## [Brief]
Images excepted, the data below must be repeated exactly.

## [Data excerpt]
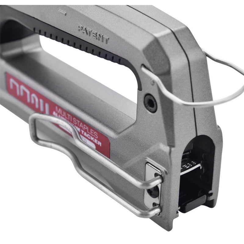 A tűzőgépnél az ütés ereje könnyedén állítható.Ez a professzionális tűzőgép teljes mértékben fémből készült, (a ház alumíniumból) jó ellenálló képességű szerkezet a kapcsok hosszabb időn keresztül egy kézzel történő belövéséhez. Gumirozott markolat a kényelmes, csúszásmentes megfogáshoz.
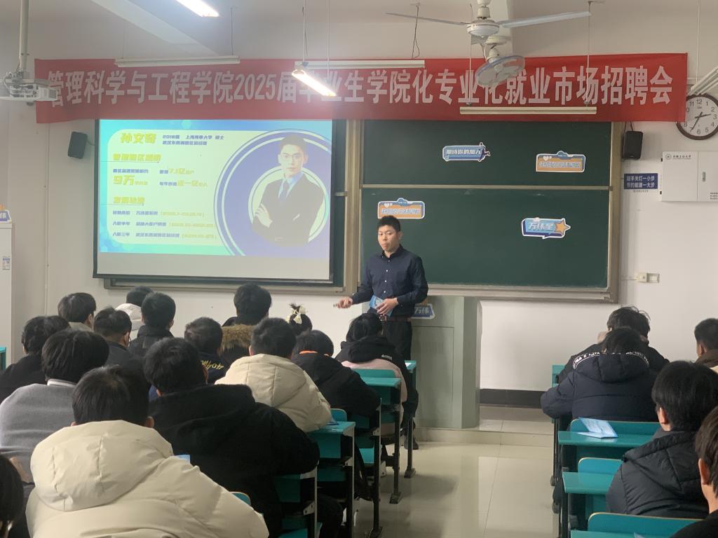 2月26日,管理科学与工程学院2021级在教D402和501教室成功举办了学院化、专业化招聘会。本次招聘会邀请了万纬物流和瑞顺物流两家知名企业来校宣讲,作为学院深化产教融合的重要实践,本次招聘会通过企业宣讲、行业解读、互动交流三大模块,为2024届毕业生搭建起精准就业服务平台。招聘会前,学院党委副书记、纪委书记、副院长赵颖、毕业班辅导员任静、钱丹丹与企业负责人就招聘情况和后续合作进行了深入交流。
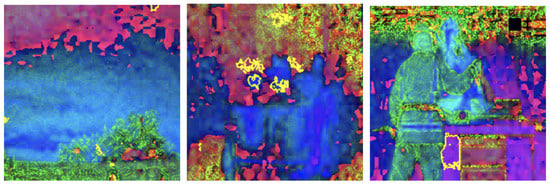 The comprehensive evaluation across different color spaces revealed critical insights into feature representation. The RGB color scheme consistently outperformed alternative representations, achieving 95% accuracy compared to other color spaces’ 90–92% performance. This superiority stems from RGB’s ability to capture comprehensive color and intensity variations crucial for distinguishing flame characteristics. Our analysis showed that while Grayscale and HSV schemes provided competitive results, they struggled to capture the nuanced visual cues essential for accurate fire detection. The RGB scheme’s ability to preserve subtle color gradients and intensity variations proved instrumental in differentiating fire from complex backgrounds. LIME visualizations further substantiated these findings, demonstrating that the RGB color space provides the clearest distinction between flame and non-flame regions, underscoring the importance of color information in developing robust fire detection models (as shown in the Figure 3, Figure 4, Figure 5 and Figure 6). The ablation study results further validate our architectural choices, demonstrating that the channel-wise attention mechanism contributes significantly to the model’s performance. The 3% improvement in accuracy from adding channel-wise attention confirms the mechanism’s effectiveness in focusing on flame-specific and smoke features while suppressing background noise.
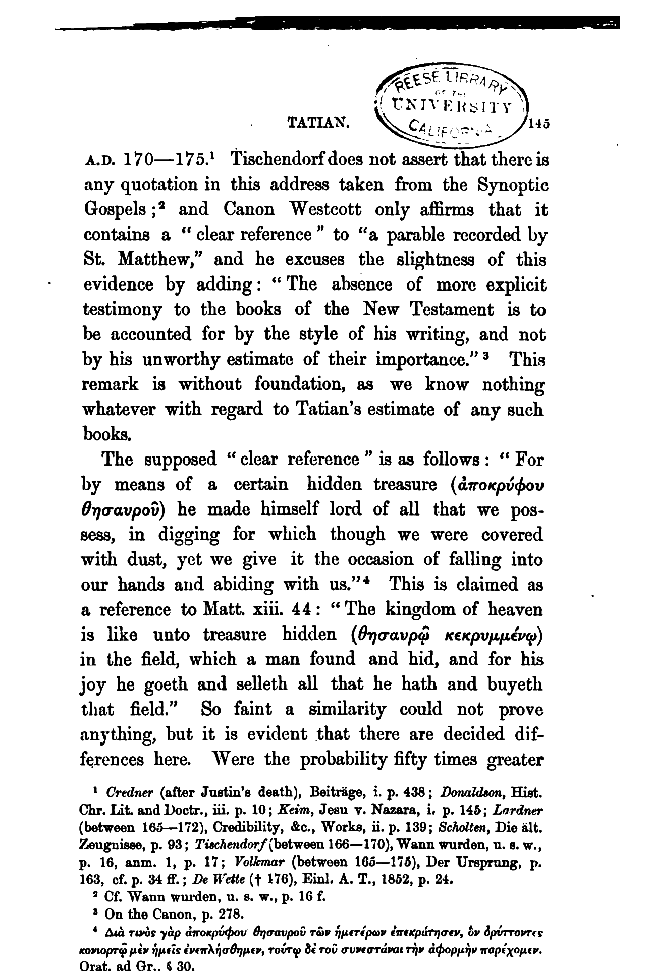 PG EDITOR'S NOTE: This file has been provided with an image of the original scan for each page which is linked to the page number. Nearly every page in the text has many Greek passages which have been indicated where they occur by [———] as have many complex tables; these passages may be viewed in the page images. Some of the pages have only a few lines of text and then the rest of the page is taken up with complex footnotes in English, Greek and Hebrew. The reader may click on the page numbers to see the entire page with the footnotes. —DW

## [Answer for this exercise]
 A tűzőgépnél az ütés ereje könnyedén állítható.Ez a professzionális tűzőgép teljes mértékben fémből készült, (a ház alumíniumból) jó ellenálló képességű szerkezet a kapcsok hosszabb időn keresztül egy kézzel történő belövéséhez. Gumirozott markolat a kényelmes, csúszásmentes megfogáshoz.
 2月26日,管理科学与工程学院2021级在教D402和501教室成功举办了学院化、专业化招聘会。本次招聘会邀请了万纬物流和瑞顺物流两家知名企业来校宣讲,作为学院深化产教融合的重要实践,本次招聘会通过企业宣讲、行业解读、互动交流三大模块,为2024届毕业生搭建起精准就业服务平台。招聘会前,学院党委副书记、纪委书记、副院长赵颖、毕业班辅导员任静、钱丹丹与企业负责人就招聘情况和后续合作进行了深入交流。
 The comprehensive evaluation across different color spaces revealed critical insights into feature representation. The RGB color scheme consistently outperformed alternative representations, achieving 95% accuracy compared to other color spaces’ 90–92% performance. This superiority stems from RGB’s ability to capture comprehensive color and intensity variations crucial for distinguishing flame characteristics. Our analysis showed that while Grayscale and HSV schemes provided competitive results, they struggled to capture the nuanced visual cues essential for accurate fire detection. The RGB scheme’s ability to preserve subtle color gradients and intensity variations proved instrumental in differentiating fire from complex backgrounds. LIME visualizations further substantiated these findings, demonstrating that the RGB color space provides the clearest distinction between flame and non-flame regions, underscoring the importance of color information in developing robust fire detection models (as shown in the Figure 3, Figure 4, Figure 5 and Figure 6). The ablation study results further validate our architectural choices, demonstrating that the channel-wise attention mechanism contributes significantly to the model’s performance. The 3% improvement in accuracy from adding channel-wise attention confirms the mechanism’s effectiveness in focusing on flame-specific and smoke features while suppressing background noise.
 PG EDITOR'S NOTE: This file has been provided with an image of the original scan for each page which is linked to the page number. Nearly every page in the text has many Greek passages which have been indicated where they occur by [———] as have many complex tables; these passages may be viewed in the page images. Some of the pages have only a few lines of text and then the rest of the page is taken up with complex footnotes in English, Greek and Hebrew. The reader may click on the page numbers to see the entire page with the footnotes. —DW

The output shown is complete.